= William Guthrie (historian) =

18th-century Scottish writer and journalist

William Guthrie (1708–1770) was a Scottish writer and journalist, now remembered as a historian.

==Life==
The son of an Episcopalian clergyman, he was born at Brechin, Forfarshire, in 1708. He was educated at Aberdeen University with a view to becoming a parochial schoolmaster, but he settled in London in 1730, and tried literature.

He was first engaged on parliamentary debates for the Gentleman's Magazine, his reports being revised by Samuel Johnson. He gradually made a reputation as a political writer, and in 1745 received a pension of £200 a year from the Pelham administration. He asked for and was granted a renewal of his pension by the Bute government in 1762.
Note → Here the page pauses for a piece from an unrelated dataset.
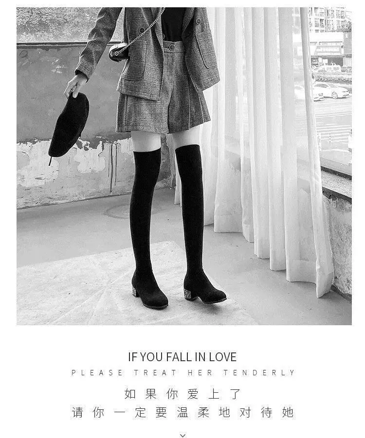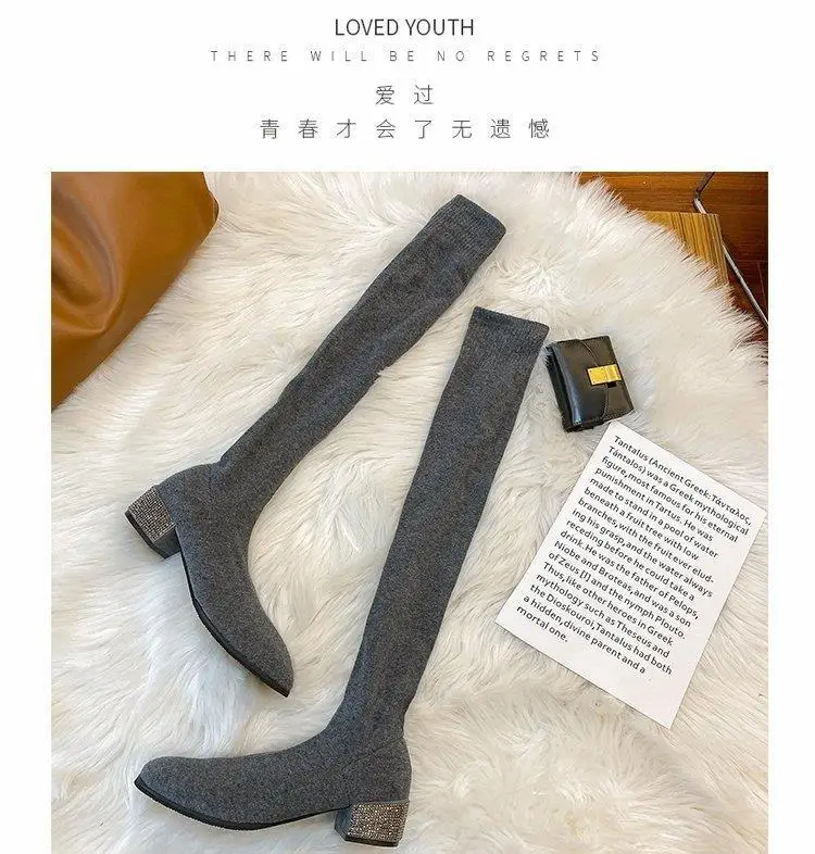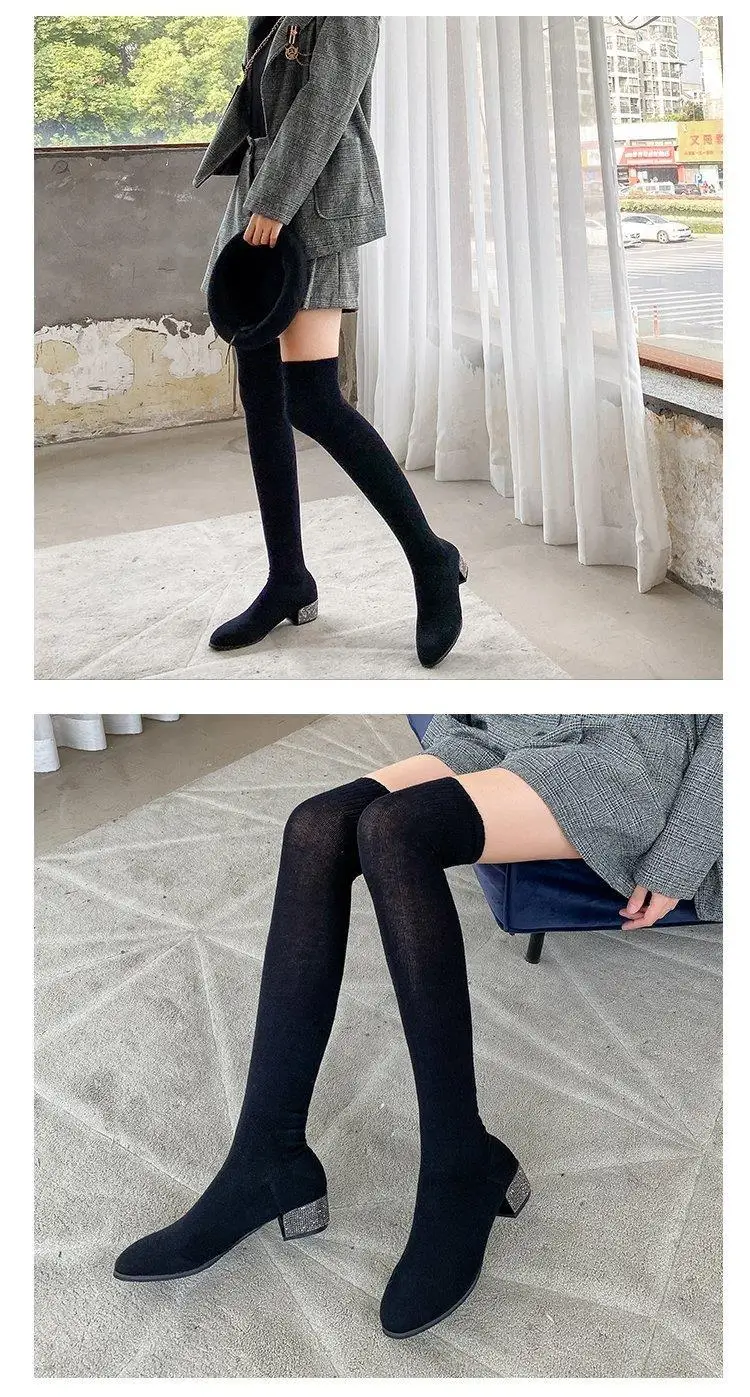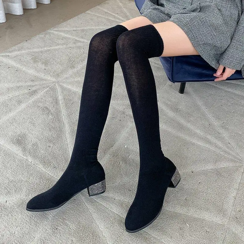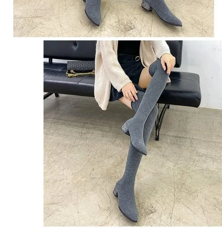 2024 Spring And Autumn Over Knee Women’s Boots Fashion Beautiful Elastic Woven Rhinestone With Round Head Long Boots Socks Boots

Guthrie was referred to by Johnson in terms of some respect. He died on 9 March 1770, and was buried in Marylebone.

==Works==
Guthrie's first scholarly work was a History of England from the Invasion of Julius Cæsar to 1688, 4 vols., Lond. 1744–51; an attempt to base history on parliamentary records. Conceived as part of a coordinated Country-Whig project, it was paired with James Ralph’s post-Revolution sequel, The History of England, During the Reigns of King William, Queen Anne, and King George I, so that Guthrie carried the narrative to 1688 and Ralph treated the ensuing decades.

In 1763 he published a book titled Complete List of the English Peerage. In spite of revision by aristocrats, this work is inaccurate. About 1764–7 he published, along with collaborators, A General History of the World, from the Creation to the Present Time, in twelve volumes; this was favourably noticed in The Critical Review, it was said by the author himself. In 1767 appeared A General History of Scotland in 10 volumes. It is inaccurate, particularly in the early periods.

Probably his most noted book was his Geographical, Historical, and Commercial Grammar (1770), which reached numerous editions, and was translated into French in 1801. Besides translations from Quintilian (1756) and Cicero (1744–54–55–58), he also wrote The Friends, a sentimental novel, in two volumes (1754), and Remarks on English Tragedy (1757).